BYU’s Compliant Mechanisms Research lab, inspired by the ancient art of origami, is building a foldable, compact design that could help launch these systems to space in a rocket. After five years of research, a team led by professors Larry Howell and Spencer Magleby has created a foldable antenna and telescope than can deploy off space rockets and permanently open to enhance satellite systems.
“These systems represent a whole sequence of small inspirations that led to innovations,” Magleby said.
The antenna and telescope prototypes are being finalized to present to NASA and the U.S. Air Force. The prototypes are inspired by two origami designs that the researchers adapted to meet their engineering needs of compact design, automatic deployment and long-term stability. The team first experimented with origami designs on thin paper and then adapted them to thicker materials with adjustments for increased stability.
Magleby said the antenna folds into an extremely compact cube that wants to open on its own, thus requiring a wire to hold it in place prior to deployment. At some point in the flight (once it's in the desired location in orbit) the wire would be cut remotely and the antenna system would deploy and move away on a boom.
“So it's held in place, but it's ready to go all the time,” he said. “There's no power required or anything; it's all strained in there like a spring, ready to start the opening process.”

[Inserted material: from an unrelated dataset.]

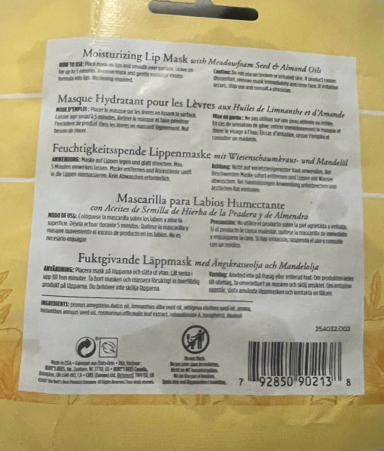Burt's Bees Honey Lip Scrub exfoliates and revitalizes. Burt's Bees Moisturizing Lip Mask contains Meadowfoam Seed & Almond Oils. Single-use mask.

The main challenge has been in designing a structure that unfolds to a permanently flat antenna. Regular hinges do not work in the harsh space environment. Engineers focused on magnetic hinges as a potential solution. Magnetic attraction naturally forms a “bistable” hinge—one that then requires energy input to separate the magnets. The engineers needed to manipulate this magnetic force.
Post-doctoral researcher, Hunter Pruett, published a paper in 2023 showing how to achieve that energy input or “monostability” in magnetic design. This involves different ways of layering the magnets as well as placing them side-by-side along a hinge, naturally manipulating rotations that pop the compact antenna open once the wire holding the rectangular package in place is remotely severed. In a single, stable position, the antenna can open into a much larger and more powerful transmission device.

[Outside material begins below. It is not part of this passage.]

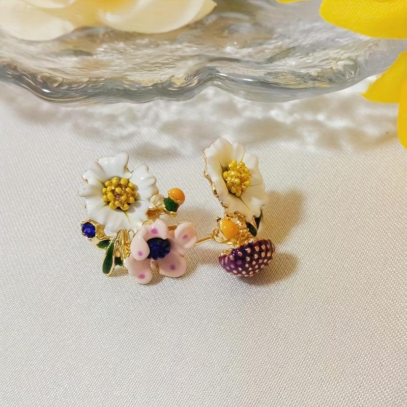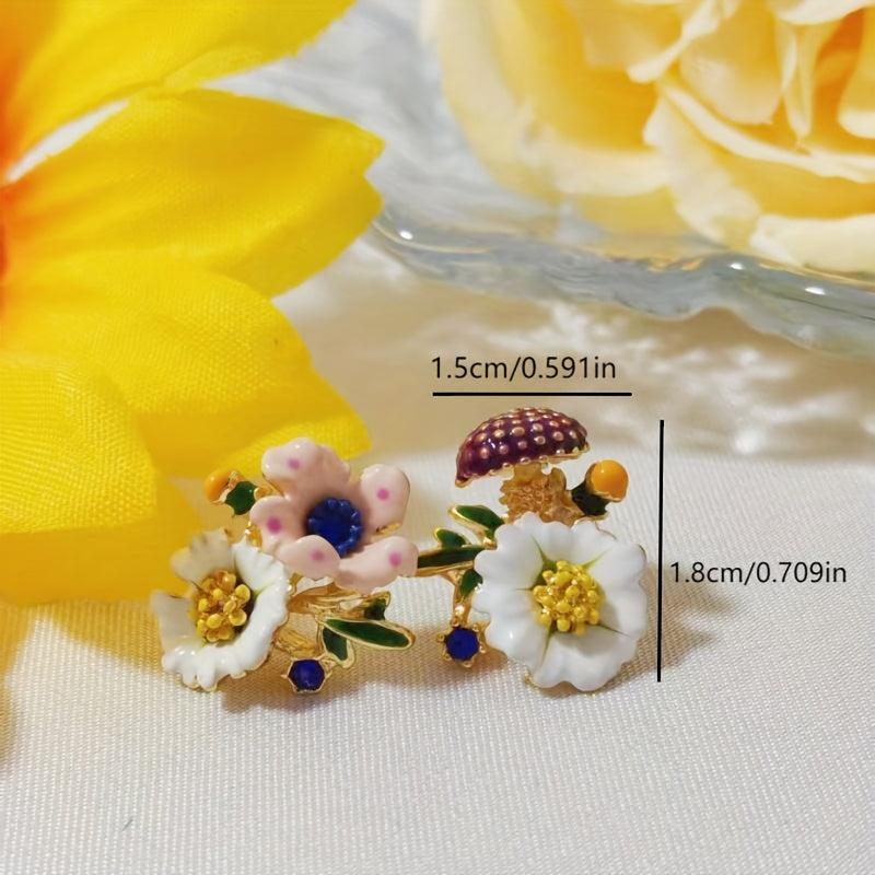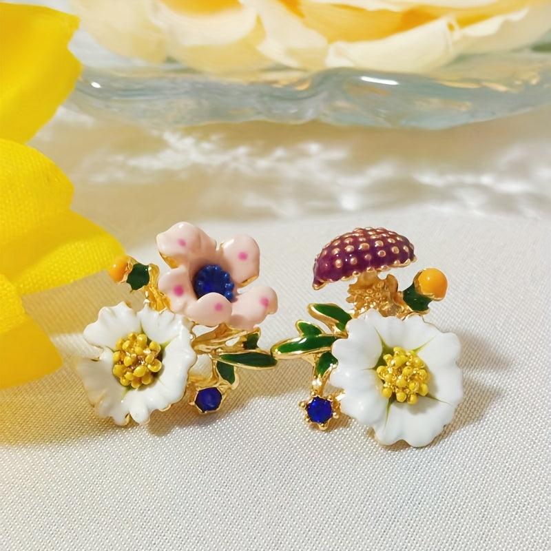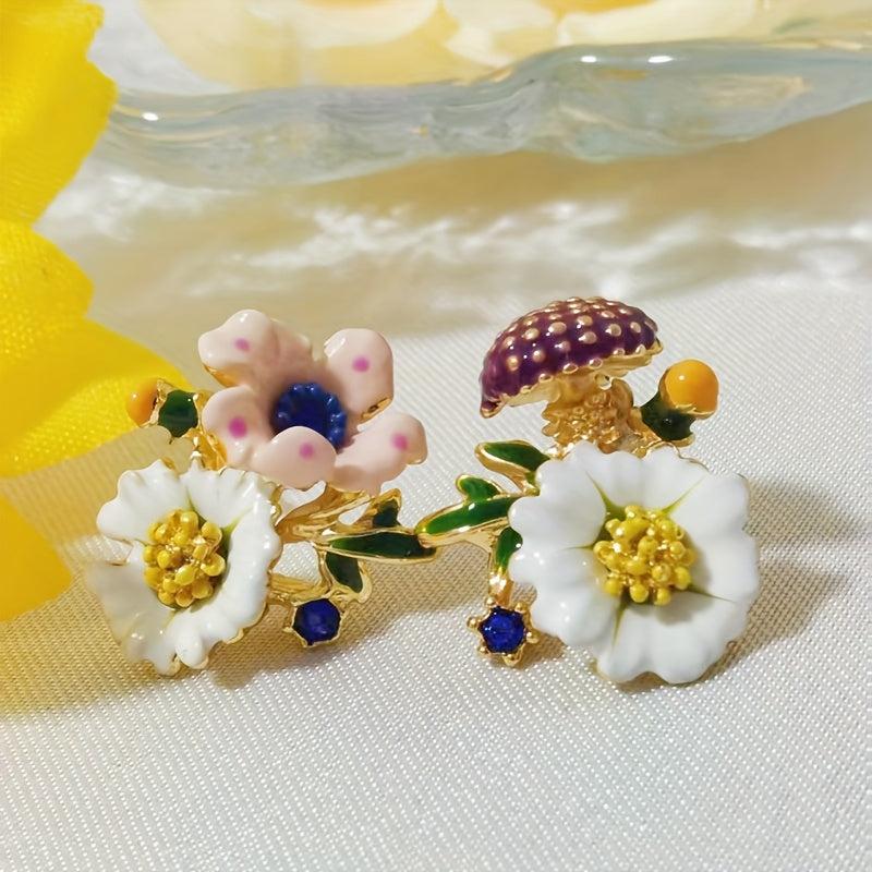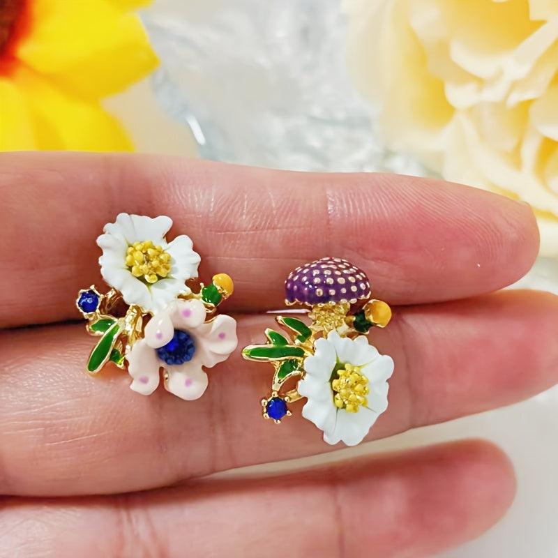Vintage boho style earrings featuring colorful flowers and butterflies. Made with a mix of copper and 925 silver plating, these earrings are perfect for daily wear and ideal for parties and festivals.

BYU’s highly collaborative group has involved multiple professors, post-doctoral researchers, students, and a continuing cooperation with electrical engineers at Florida International University. Research assistant, Katie Varela, thrives in the collaborative, inclusive, and hands-on environment:
“I love the people that I work with. I think that this lab is really good at being collaborative and supportive of ideas,” Varela said. “There’s no shame in saying something that sounds silly. I also really love that there are so many women engineers . . . everyone is supportive of family and things like that. It’s a great environment to learn in and feel like I would be prepared to go work in the real world.”
A long-time leader and collaborator in the field, Magleby said the project has built to its most complex level over time.

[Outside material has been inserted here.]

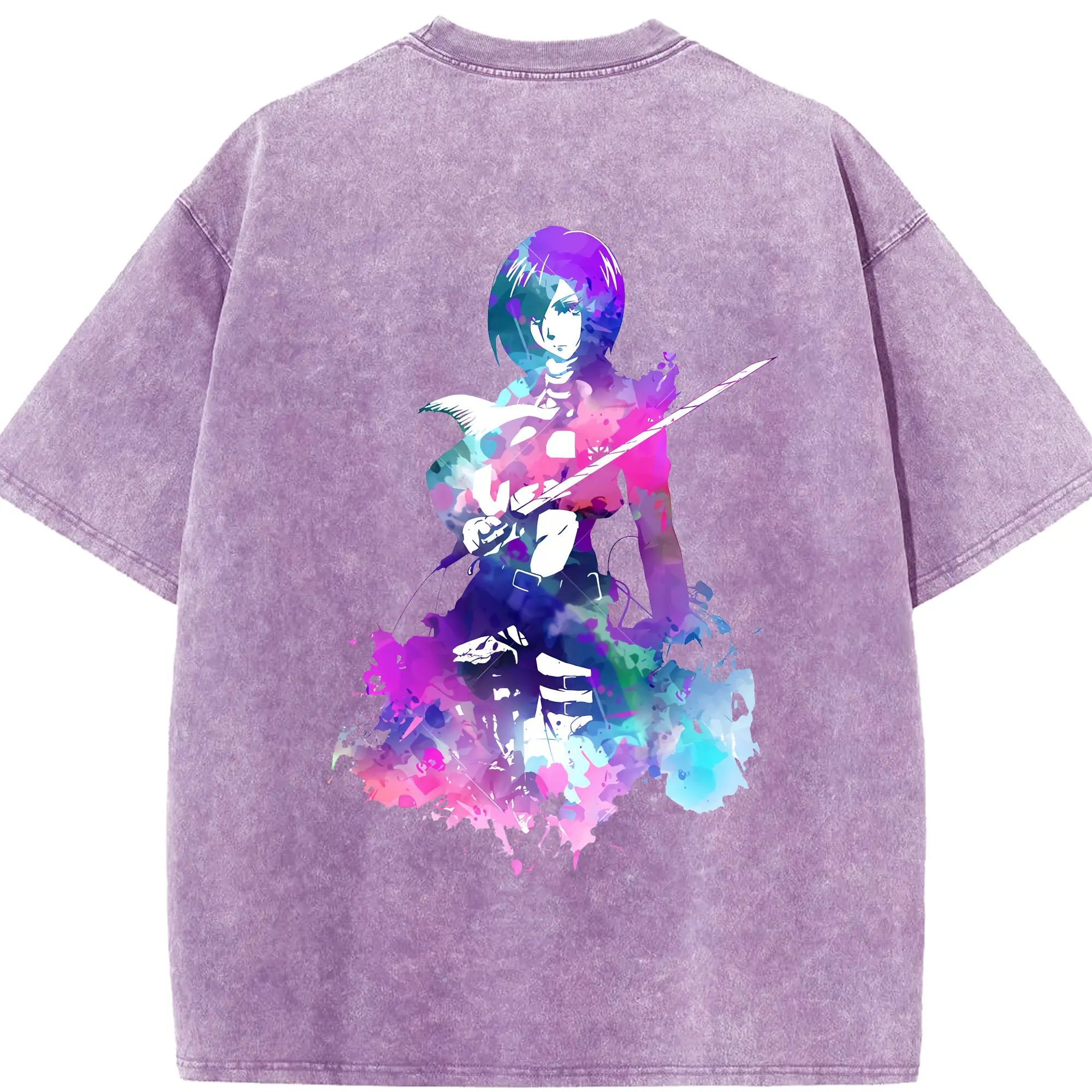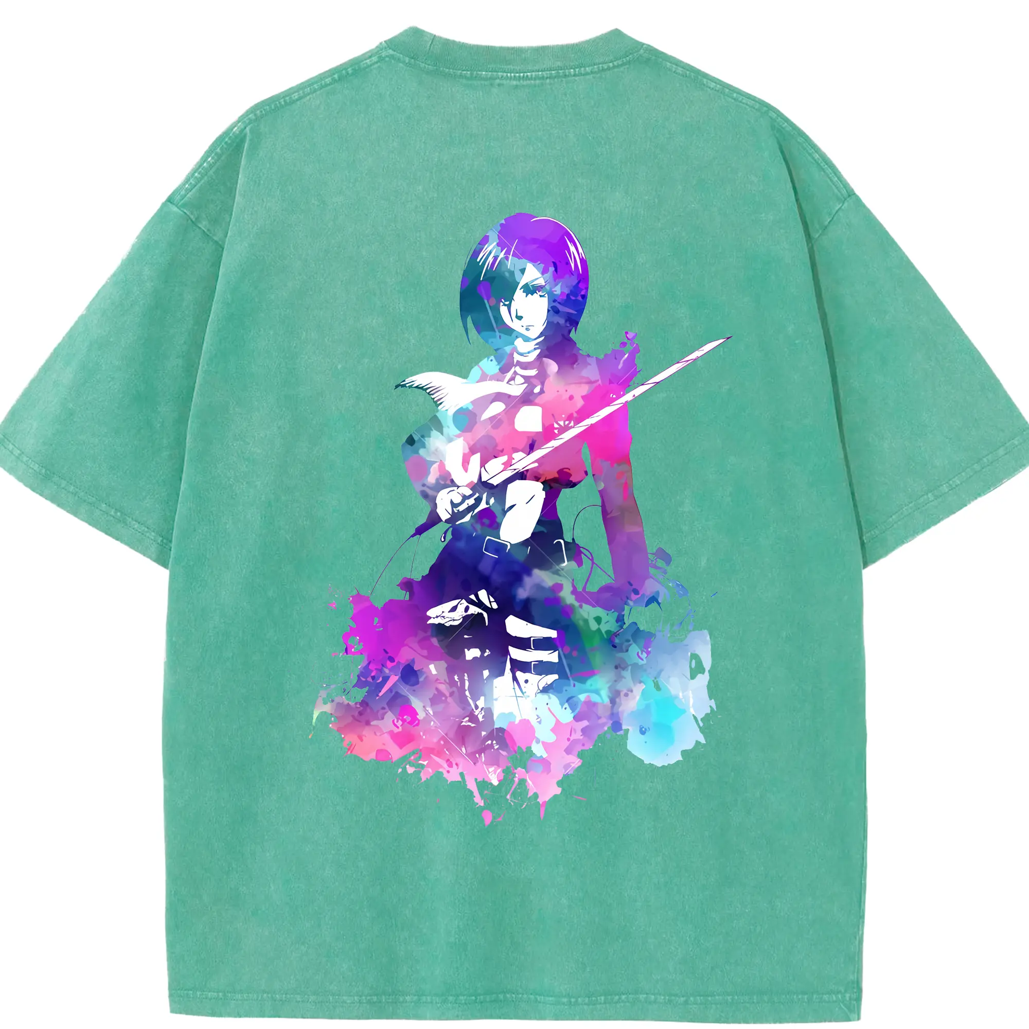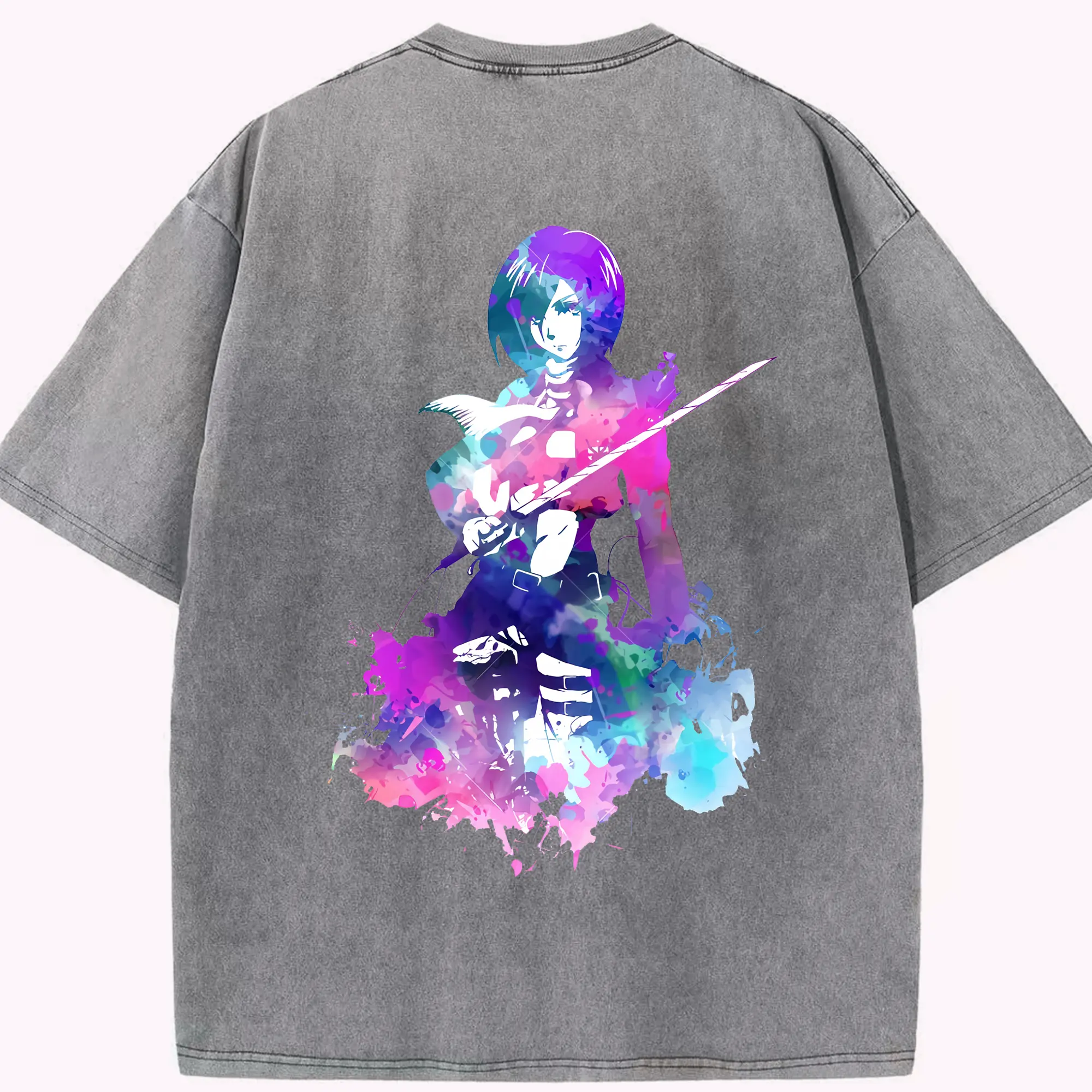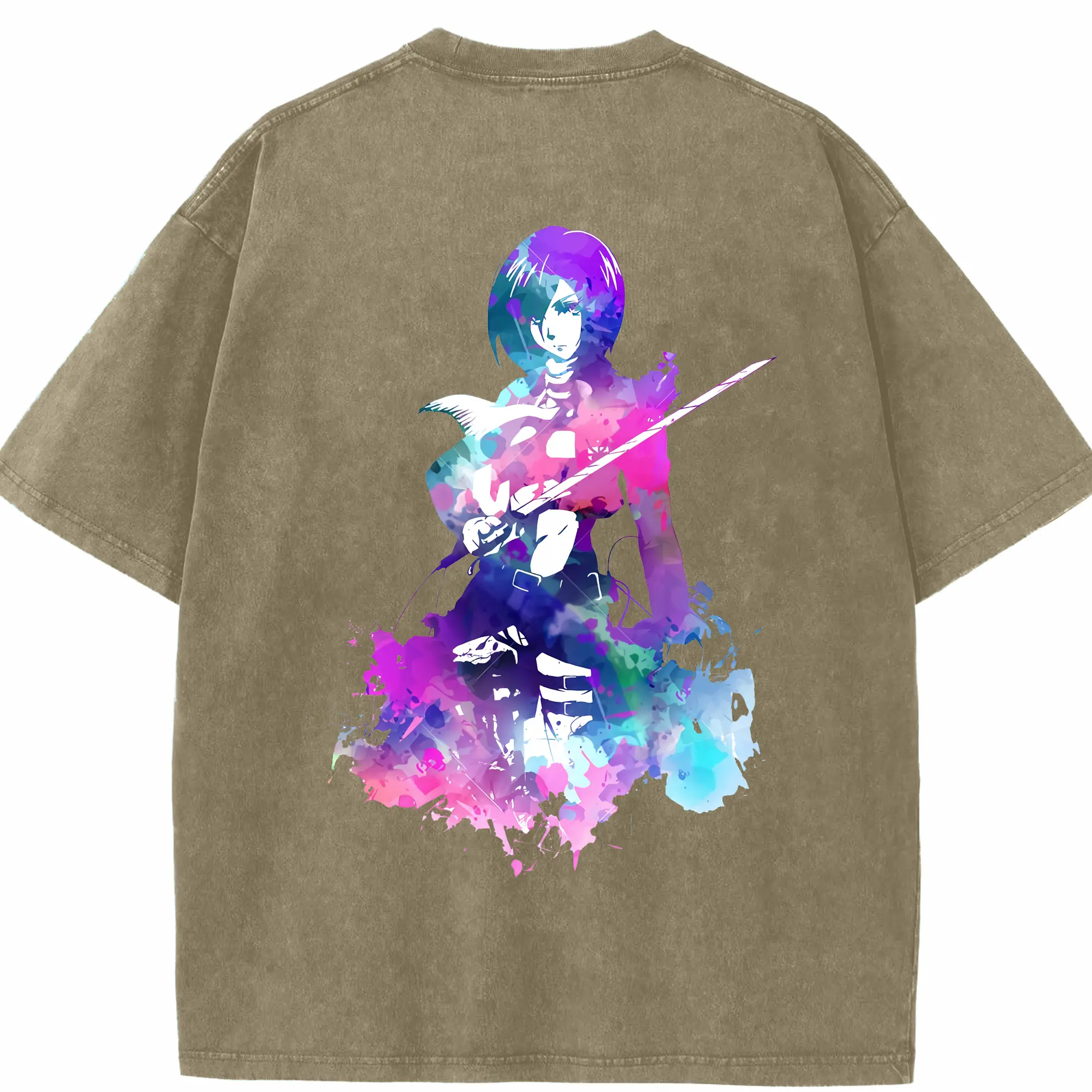 進撃の巨人 グッズ ミカサ・アッカーマン - 綿100% ヴィンテージ風 半袖Tシャツ ・ フロントプリント ・ 柔らか肌触り ・ 通気性 快適 ・ スポーツ カジュアル 外出用

“One thing I've loved about this project is that we have not only been able to be inspired by the Holy Ghost or by things that come to us, but also by the work of so many other people,” he said. “As I look out and see what people have done with origami and art and other things, I think — wow — somehow those people have been inspired to create art that I love.”
Varela said there was no way they could have succeeded in the antenna project without applying the principles of origami. In fact, BYU is a leader in the origami-inspired systems that are transforming engineering. Magleby said the research is also transforming students.
“The product is not only the antenna; to me, the product is the students, and the learning that they've been able to accomplish, and the ways that they've been able to stretch their own thinking,” Magleby said.